Horror fandom is a funny thing. What constitutes a successful horror movie seems so malleable to me. I mean, of course it changes from person to person, that’s true of any genre. I just feel like horror has so many different ways to be successful. Take a comedy: I might like a specific type of humor that you don’t find funny, or vice versa, but we can at least agree that being funny is the primary criteria for liking a comedy. It would follow logically, then, that in a similar fashion, that being scary would play a crucial function for enjoying horror. Yet, it simply isn’t, right? Like it’s nice to come across a scary movie, but I would guess I don’t get genuinely scared watching more than half the movies with positive reviews on this blog. Take a drama: Quality is of utmost importance. Quality of acting, quality of the script, quality of cinematography. In horror, its nice if one of those factors is high-quality, and its a real treat if it applies to more than one, but really it doesn’t matter that much. You might love an abject failure, precisely for the misguided manner in which it fails. You might love a movie for a handful of creative kills. Or for a cool concept. Or maybe just because it is fun to have on in the background while you carve pumpkins. With horror, you are a fan of the genre first and foremost, and any entry into the genre has a leg up just by identifying as a horror movie.
I offer that lengthy prelude as an attempt to explain how I could kind of pan the beloved and massively successful Saw in my last review, yet I am about to say generally nice things about the micro-budget C.O.R.N.: A Field of Screams, despite the fact that it is inferior to Saw in every objective category and destined to become a footnote of horror history in relation to the outsized impact of that movie. The story of A Field of Screams involves a brother and sister who are traveling with their soon-to-be step-dad and end up stranded in the middle of Nebraska. They end up making friends with the local community of teens/twenty-somethings and attending parties every night, until they stumble onto a party run by a secret society of artists and their patrons. Unfortunately for our protagonists, the medium used by the artists is dead human bodies, and the siblings are a perfect choice to restock their supply. Off the top, I’ll go ahead and say that A Field of Screams falls into some of the most common horror traps. The main characters make some inexplicable choices in service of keeping the plot moving, and the secondary characters are completely one-dimensional. At this point, those two failings are basically scary movie tradition, though, and easy enough to overlook. I found myself rolling my eyes early into the proceedings, but by the third act I was fully invested in the plot and the main two characters. The actors help a lot in that regard, and for the few characters that are more than broad sketches, they turn in charming performances.

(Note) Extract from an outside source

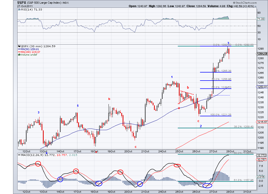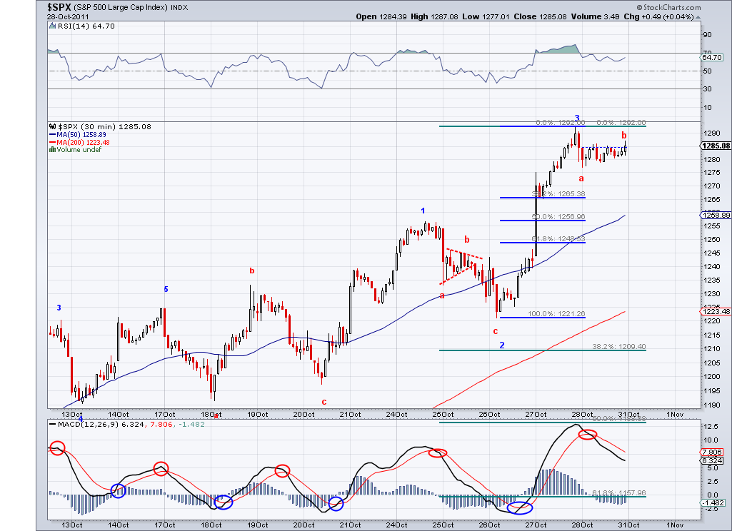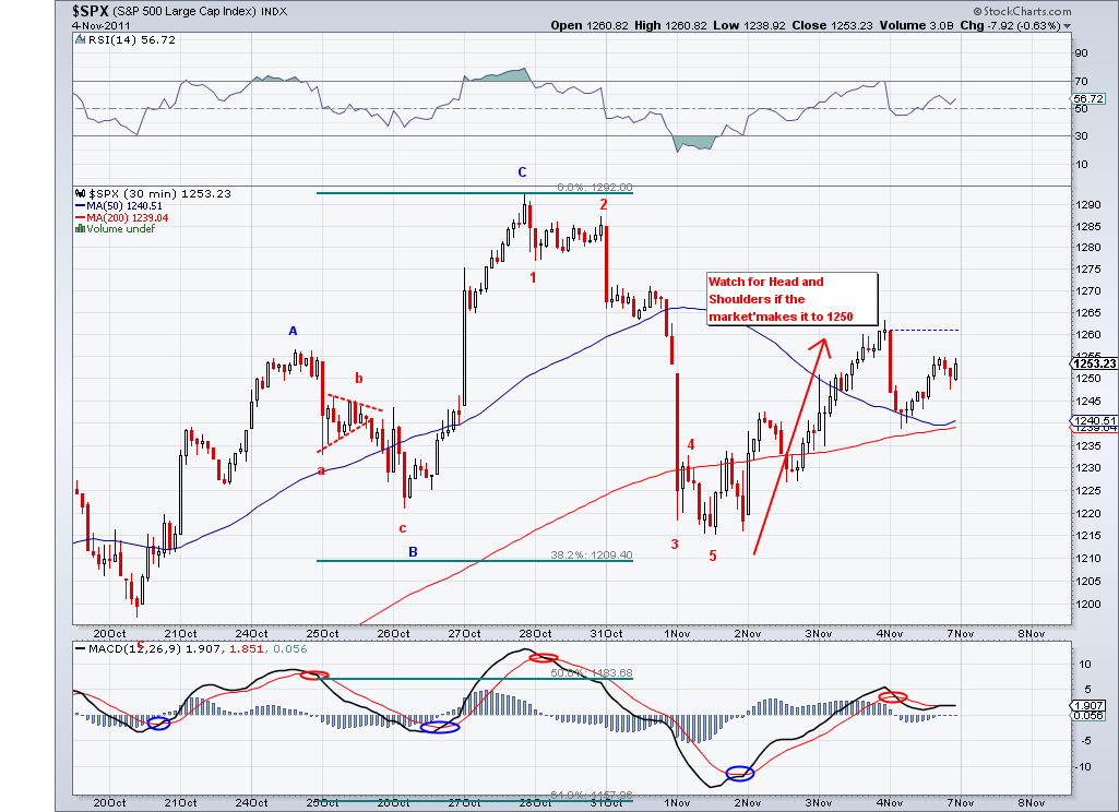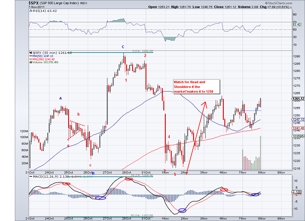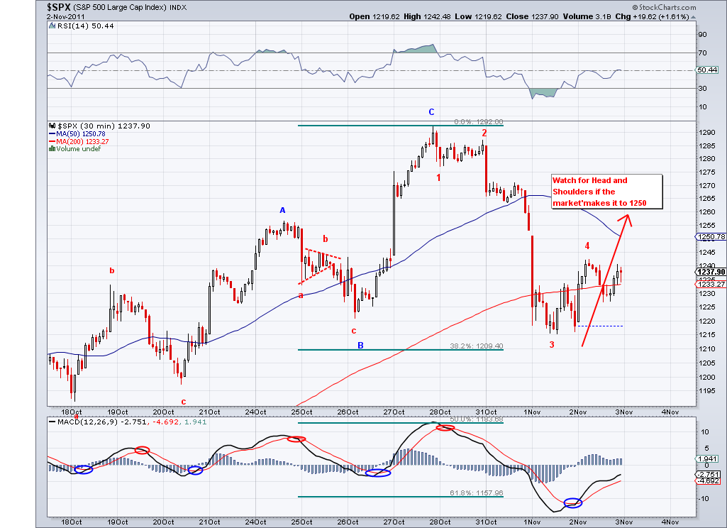 The market continued to climb today but not in a impulsive way, so I continue to believe this wave from 1217 is corrective wave and will end relatively soon. The next bearish wave should be a stronger wave that would take us take us to the lower 1200's. The market needs a catalyst for that and maybe the current confusion in Italy and Greece will help the bearish case. The markets started the rally supposedly because of the perceived solution to the European problem but 200 points later I don't see anything solidified, so the same issues that cause the sell off in the first place are still present.

The film’s biggest strength, however, is the overall concept. If the villain had turned out to be a deranged hillbilly who just wanted to stab people, for instance, or maybe a demonic scarecrow who just wanted to stab people, it would not be worth your time. I loved the glimpses we got of this high-society cabal of murderers, and the director was really smart to give us peaks of some of the internal politics and rules surrounding their “art” community. You really get the sense that this is the latest in a long tradition of these parties, and we just happen to be watching the one where the shit hits the fan. It’s a very cool, well fleshed out idea, and Robert Donovan is a treasure as the society’s chief organizer. C.O.R.N., by the way, stands for the Collective Order of Recreational Necrophilanthropists. I think that sums up what I admire most about this film: It is corny (pun intended) and kind of dumb, but I think the filmmakers are in on the joke, and they know they are not going to make some kind of masterpiece with the resources at their disposal, so they decide to make the best bad movie they can. So while it isn’t better than Saw, it is more enjoyable to me, and it is a movie I would consider watching again in the right circumstances. It’s on PRIME, so give it a shot, and even if you don’t like it you are supporting indie horror and keeping the door open for the next set of wierdos with a crazy idea to make their movie.